Bloom filters are widely used in Bitcoin and distributed systems. For example, if Bitcoin inquires whether the transaction is on a certain node, first use the Bloom filter to block it to quickly skip unnecessary searches, while distributed systems Calculations such as Map Reduce also quickly filter out calculations that are not at a certain node through the Bloom filter.

Summarize

Finally, the average and worst time complexity diagrams of each data structure "access, query, insert, delete" are given:

This picture comes from bigocheatsheet , you can also click on the link to visit directly.

After learning these basic data structures, I hope you can master them and be good at combining these data structures to solve practical problems. At the same time, you must also realize that no data structure is omnipotent, otherwise there will not be so many data structures to learn. Just use a universal data structure.

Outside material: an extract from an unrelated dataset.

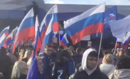"Возле лифта у входа в парк Левобережный, где был концерт, стояло два металлоискателя. Было видно, что сначала к сцене подогнали людей с флагами. У некоторых было написано, какой район представляют, и там были не только студенты, но и бюджетники. Людям кашу раздавали на полевой кухне, дым от нее шел, заслонял все", – отмечает собеседник.

For the combination of data structures, I give two examples:

The first example is how to query the maximum or minimum value of a stack in O(1) average time complexity. At this time, one stack is not enough, and another stack B is needed to assist. When a larger or smaller value is encountered, it is pushed into stack B, so that the first number of stack B is the largest or smallest value in the current stack, and the query efficiency It is O(1), and it needs to be updated only when it is popped, so the overall average time complexity is O(1).

The second example is how to improve the search efficiency of the linked list. You can use the hash table to quickly locate the position of any value in the linked list through the combination of the hash table and the linked list, and use the hash table to quickly locate the position of the linked list, and you can double the space. The time complexity of insertion, deletion, and query is O(1) in exchange for sacrifice. Although the hash table can achieve this time complexity, the hash table is unordered; although the HashTree is ordered, the time complexity is O(logn), so only by combining HashMap and linked list can order and The time complexity is better, but the space complexity is sacrificed.

Including the Bloom filter mentioned at the end is not used alone, it is just a firewall, which blocks some illegal data with extremely high efficiency, but what is not blocked is not necessarily legal, and further inquiries are required.

Therefore, I hope you can understand the characteristics, limitations, and combined usage of each data structure. I believe that you can flexibly use different data structures in actual scenarios to achieve the optimal solution for the current business scenario.